• [EXERCISE DATA]
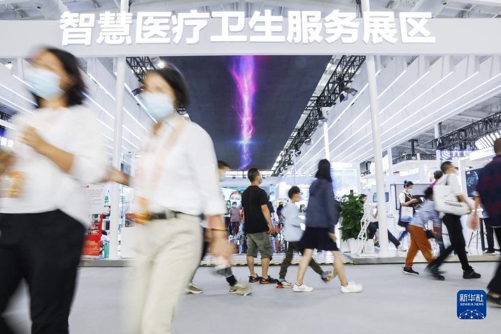 9月5日,观众在服贸会首钢园区健康卫生服务专题展的智慧医疗卫生展区前走过。
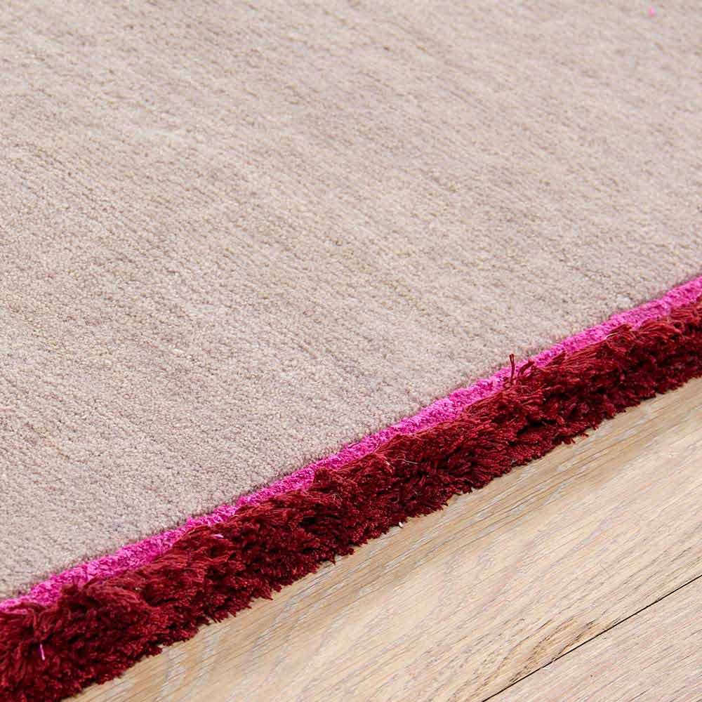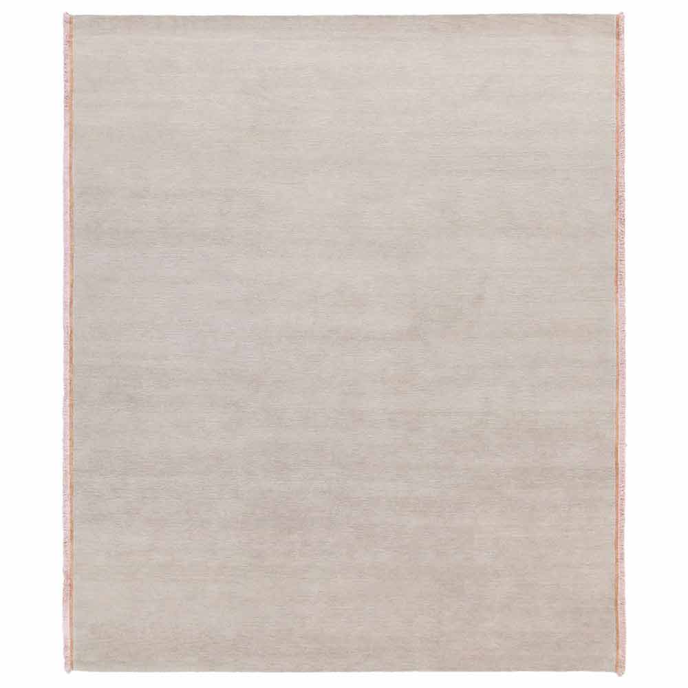 Modernes Design Teppich in zwei Dimensionen in Wolle und Baumwolle mit farbigem Rand in Seidenfransen erhältlich.
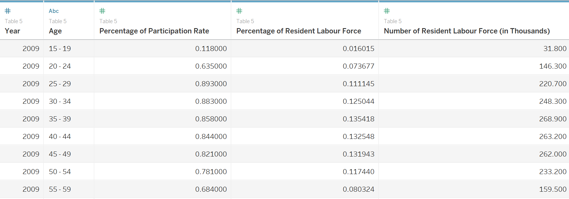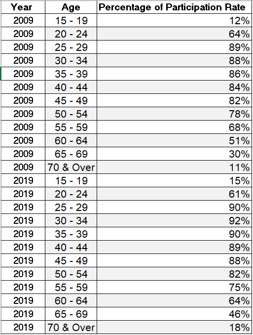 Table 5: Resident Labour Force Participation Rate by Age and Sex, 2009-2019 (June)
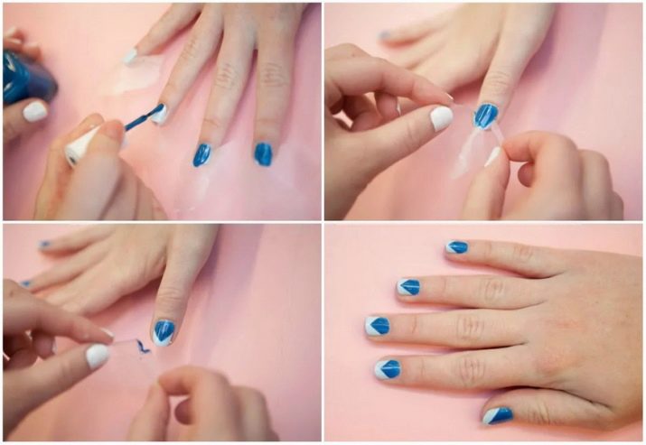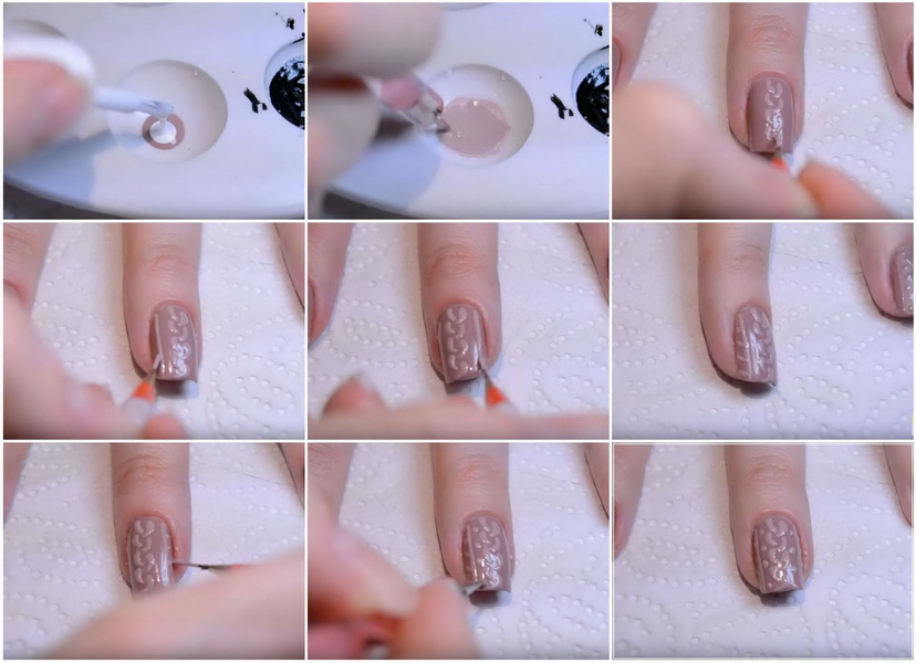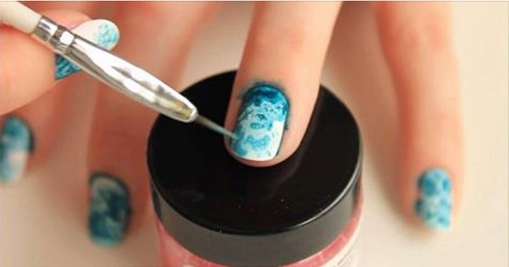องค์ประกอบทั้งหมดขององค์ประกอบจะถูกนำไปใช้กับแผ่นเล็บในรูปแบบที่จะได้รับการแก้ไข ชิ้นส่วนทั้งหมดที่มีสีแตกต่างกันจะถูกทำให้แห้งภายใต้หลอด UV นี่เป็นสิ่งจำเป็นเพื่อป้องกันการผสมของเฉดสี
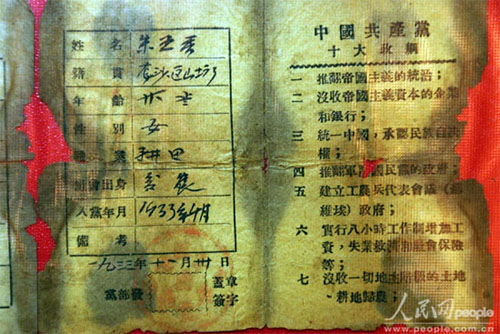 一本周边被烧焦的中华苏维埃时期的中国共产党党证,上面印有中国共产党十大政纲及五星镰锤图。这本党证的持有者是一位名叫朱王秀的女共产党党员,1933年4月入党,贫农出身,入党时只有23岁。
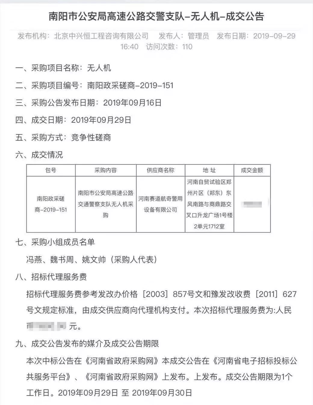 2019年9月,河南南阳市公安局高速公路交警支队采购我司3VS复合翼无人机用于高速公路的常态化巡检、事故勘察等工作。3VS无人机搭载的三轴30倍光电吊舱拍摄的视频清晰稳定,强大的机载AI功能可以轻松识别、追踪移动车辆,为交警的日常工作提供重要支持。
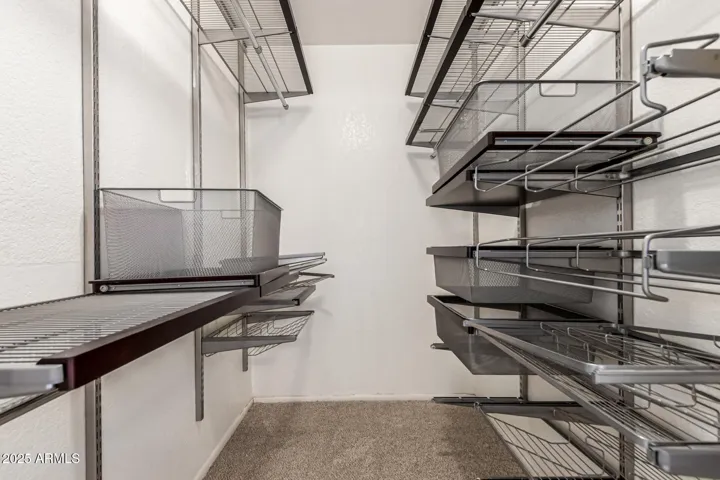 closet with custom shelves and a separate newer sliding door to private courtyard. Primary bathroom has a walk-in
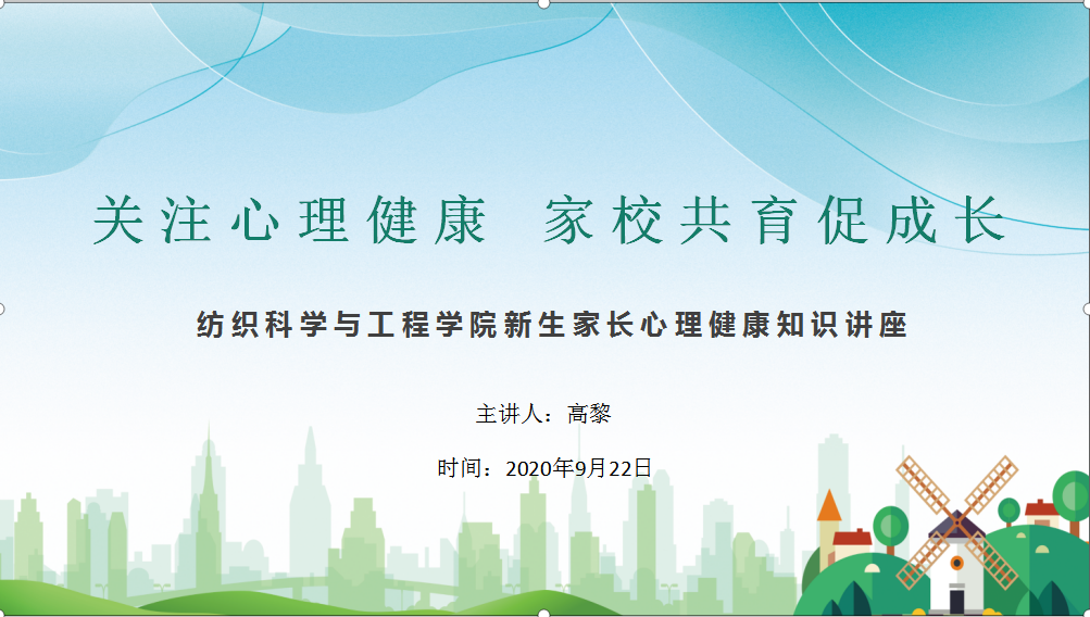 2020年9月22日,2026年国际足联世界杯成功举办了线上“新生家长心理健康知识讲座”。2020级新生家长参与了本次讲座。主讲老师高黎就关注老员工心理健康问题的重要性、老员工常见心理问题、家校共育促进员工身心健康成长,以及公司心理健康教育与服务工作四个方面进行了详细讲述。
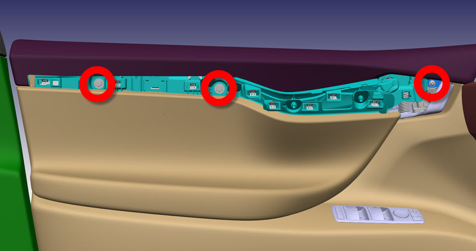 - Release the fasteners (x3) that secure the trim panel (torque 6 Nm).
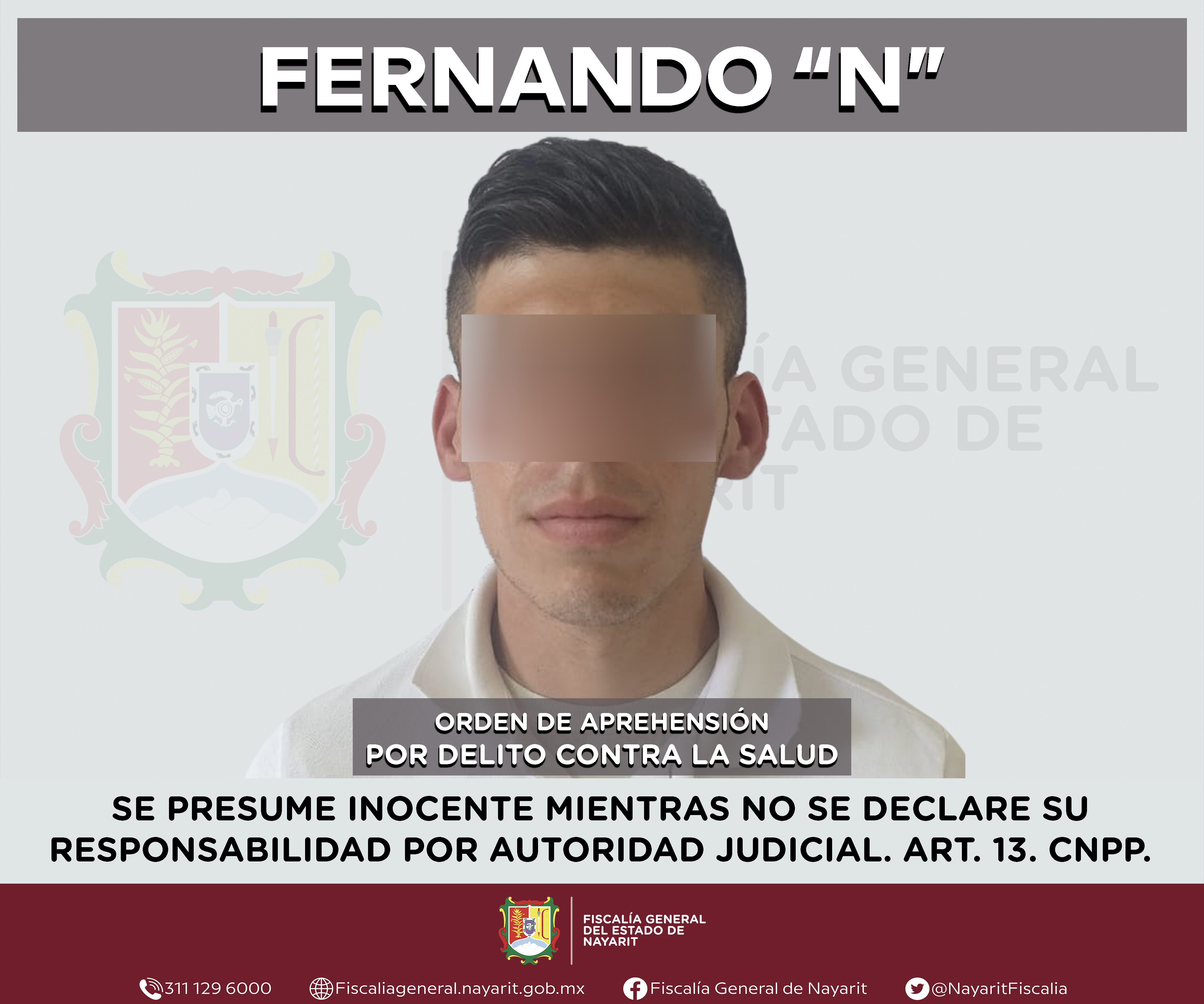 Elementos de la Agencia de Investigación Criminal de Nayarit ejecutaron una orden de aprehensión en la capital nayarita contra Fernando “N”, por su presunta participación en hechos que según apreciación de la ley configuran el delito contra la s...
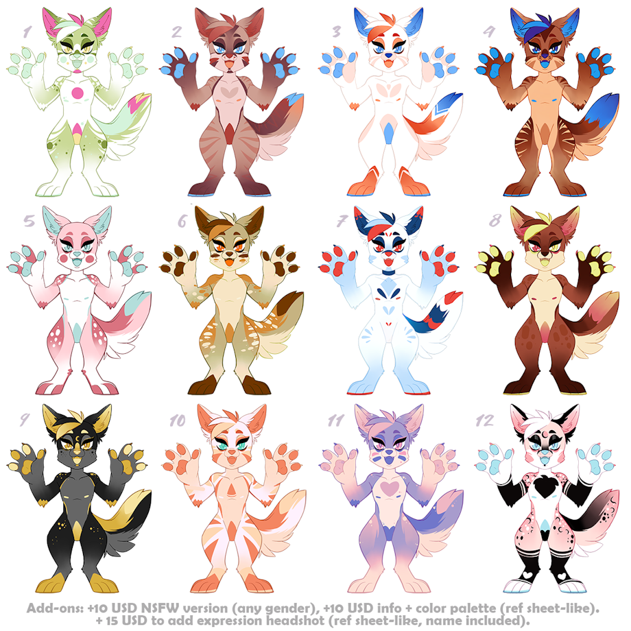 Add-ons: +10 USD NSFW version (any gender), +10 USD info + color palette (ref sheet-like).
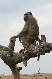 Throughout its wide range, the olive baboon can be found in a number of different habitats.[3] It is usually classified as savannah-dwelling, living in the wide plains of the grasslands.[13] The grasslands, especially those near open woodland, do make up a large part of its habitat, but the baboon also inhabits rainforests and deserts.[3] Uganda and the Democratic Republic of the Congo, for instance, both support olive baboon populations in dense tropical forests.[5]
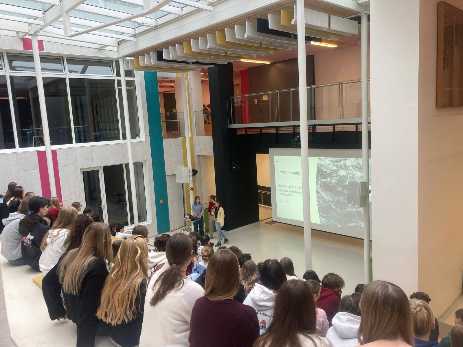 Rund zehn Klassen, Lehrpersonal, Presse, Vertreter der Klima- und Energiemodellregion „Millstätter See“ und des Klimabündnisses Kärnten erlebten Anfang Jänner wie engagiert junge Menschen Klimaschutz in die Öffentlichkeit tragen. 19 Jugendliche aus den 7. und 8. Schulstufen des BG/BRG meldeten sich freiwillig für das Projekt und arbeiteten in fünf Kleingruppen in Redaktion, Moderation, Recherche, Technik und Schnitt sowie Postproduktion an der Podcast-Folge. Die Texte zum Podcast, alle Plakate und Social Media Posts, die grafische Gestaltung des Titelbildes sowie eines Spendenaufrufs für den Verein „Mission Erde“, die Moderation innerhalb der Podcast-Folge, die Aufnahmen und die Interviews mit den Experten wurde von den Schülern übernommen. Die Ergebnisse präsentierten die Schüler selbst vor Gästen und Partnern, wie KEM-Manager Georg Oberzaucher oder Christian Salmhofer vom Klimabündnis Kärnten.
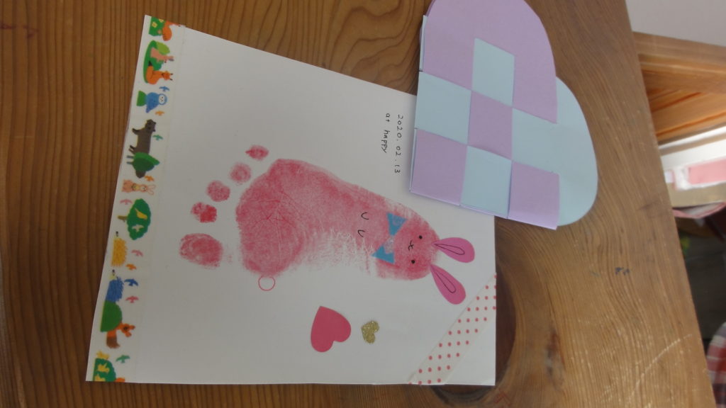 今日も一気に気温があがって、一層春めいてきましたね。上着を着ると汗だく? バレンタインに向けて、ハートの袋を作成中~ 作るのが難しく見えるこの袋ですが、 子どもが脇で遊んでる間にできました。 出来上がったら思わずみんなで拍手!ちょっとした達成... -
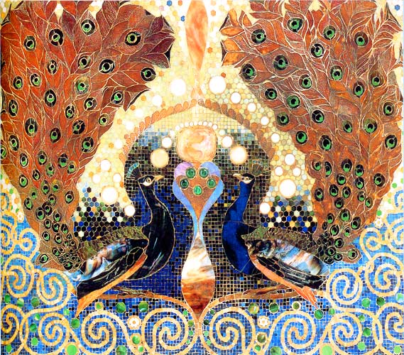 ouis Comfort Tiffany (1848. február 18. – 1933. január 17.) az Art Nouveau mozgalom úttörője, neves iparművésze az Egyesült Államokban. Az alábbi munkája a Páva Mozaik 1890-91-ben készült Henry Osborne Havemeyer háza diszítéseként, New Yorkban, méretei: 132,5 x 163,2 cm, anyaga üveg és gipsz.
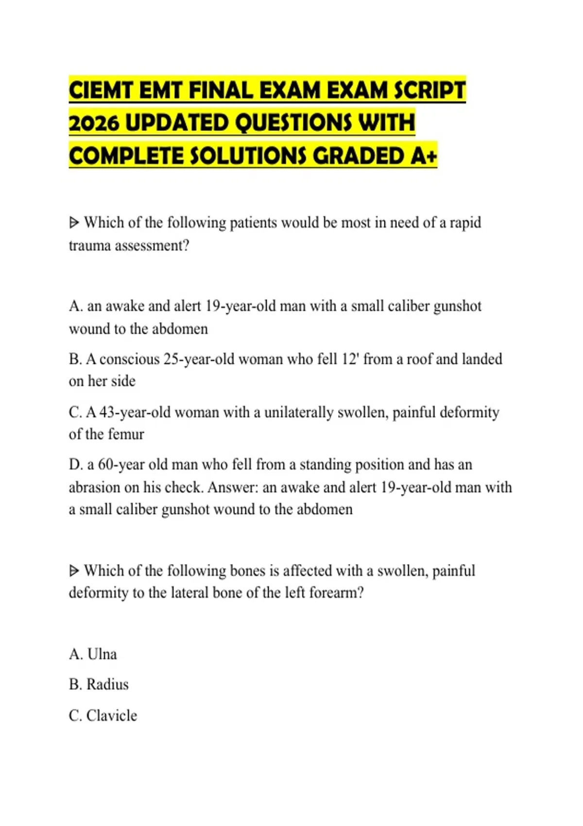 CIEMT EMT FINAL EXAM EXAM SCRIPT 2026 UPDATED QUESTIONS WITH COMPLETE SOLUTIONS GRADED A+

• [EXERCISE DETAILS]
Start at the line above containing "- Release the" and stop at the line containing "Throughout its wide": print those lines and everything between them exactly, but not the pictures.

• [ANSWER BOX]
 - Release the fasteners (x3) that secure the trim panel (torque 6 Nm).
 Elementos de la Agencia de Investigación Criminal de Nayarit ejecutaron una orden de aprehensión en la capital nayarita contra Fernando “N”, por su presunta participación en hechos que según apreciación de la ley configuran el delito contra la s...
 Add-ons: +10 USD NSFW version (any gender), +10 USD info + color palette (ref sheet-like).
 Throughout its wide range, the olive baboon can be found in a number of different habitats.[3] It is usually classified as savannah-dwelling, living in the wide plains of the grasslands.[13] The grasslands, especially those near open woodland, do make up a large part of its habitat, but the baboon also inhabits rainforests and deserts.[3] Uganda and the Democratic Republic of the Congo, for instance, both support olive baboon populations in dense tropical forests.[5]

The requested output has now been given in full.